Now zeroing in on close to a decade’s worth of experience since that near-fatal oceanic encounter, Blanco has developed mentally and physically into one of the world’s best surfers. Currently ranked 47th in the World Surf League with a trio of top-10 finishes, the 20-year-old is planning to leverage her strengths—and add a little bit of luck—to make a final climb in the 2017 season standings with this weekend’s White Buffalo Women’s Pro in Japan, and then a week later at Australia’s Port Stephens Toyota NSW.
“In competition, the best surfer doesn’t always win,” Blanco says. “There are so many different variables to surfing, and sometimes luck comes into play. I have been to contests where it was purely a wave-catching contest because the waves were so scarce. Traveling around the world to show up for a heat and then there were no waves—it’s happened more often than not this year.”

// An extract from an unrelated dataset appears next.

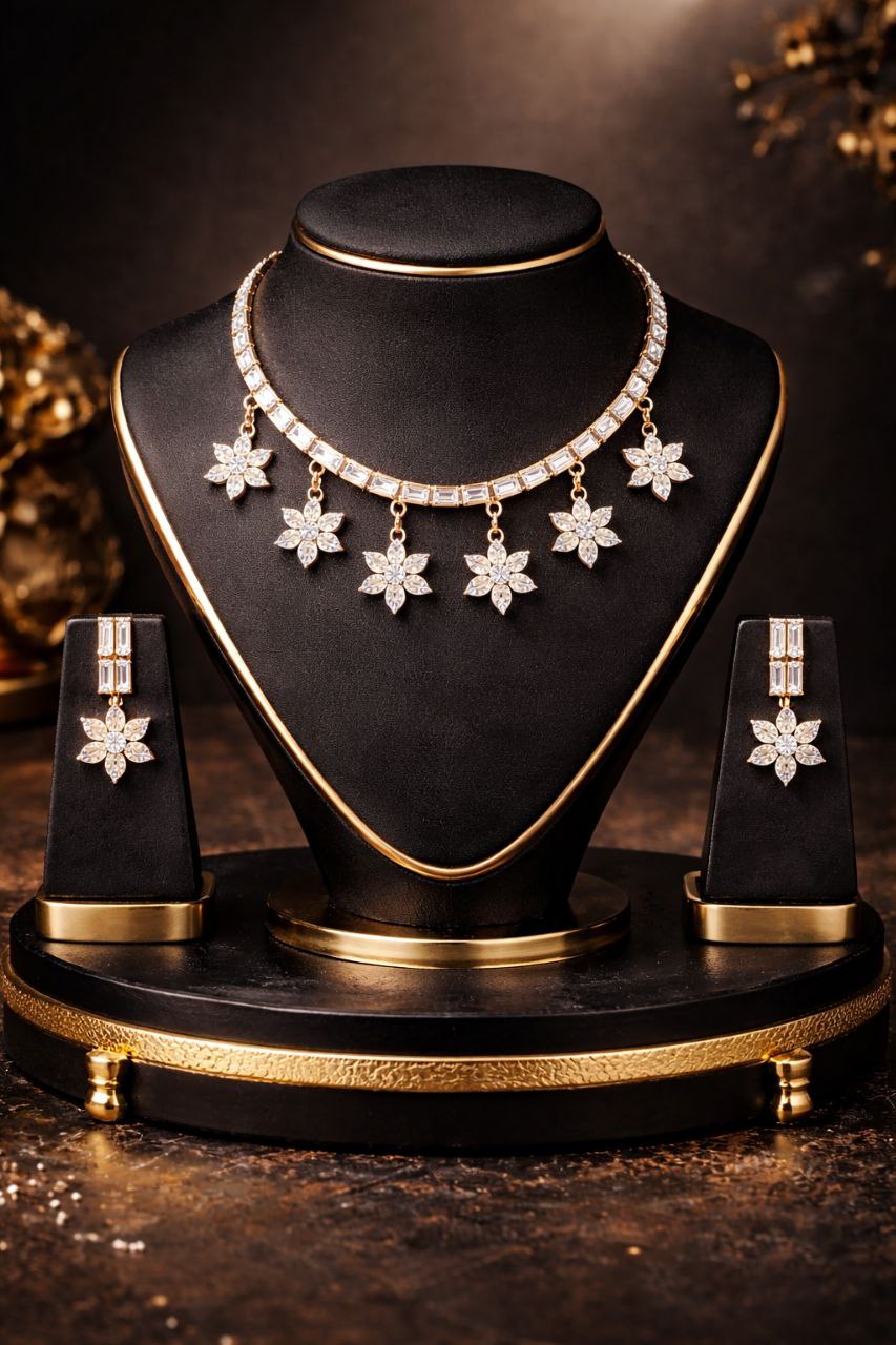 An elegant floral drop necklace set designed with sparkling flower-shaped stones and a sleek baguette-style chain in a luxurious rose gold finish.

The volatile waters of the Pacific serve as both Blanco’s office and gym, and for at least an hour each day you’ll find her working on cutbacks and other surf moves. Surf practice alone is a full body-blasting workout that hits all the major muscles, and would suffice as a workout for most. “Usually my back and shoulders are sore the next day from paddling,” Blanco says. But that’s just a snippet of Blanco’s workout itinerary. She says she skips the weight room during the season, and instead prefers to either run up to five miles several times a week, or downward-dog and warrior-one her way through yoga for that perfect mind-body connection every surfer needs.
As for the mental aspect of the game, she attributes part of it to her vegan lifestyle she’s known since childhood. “Veganism has benefitted me in many ways, including my energy and clarity,” she says. Veganism was bestowed upon her from her parents, and she has no temptation to go carnivore. In fact, she claims food choices are getting better these days. “When I was vegetarian five years ago I remember how hard eating out was, but things have evolved tremendously to where now as a vegan I have no problem,” she says. Her go-to meal after a day on the water is usually her signature Hawaiian Beyond Burger. “I think Beyond Meat will change the world—for vegans and meat eaters alike,” she says.
Whatever the results of the final weeks may be, they won’t ruin what is a relatively successful season for Blanco. But the experience like she’s accrued for nearly a decade can only enhance the 2018 season.
“What makes surfing different from other sports is that we’re in an unpredictable environment. Therefore, we have to prepare ourselves physically for different variables, conditions, and waves,” she says. The only certainty: There will be no certainty to what the ocean will dictate a season from now. That, and we know we’ll find Blanco in the waves.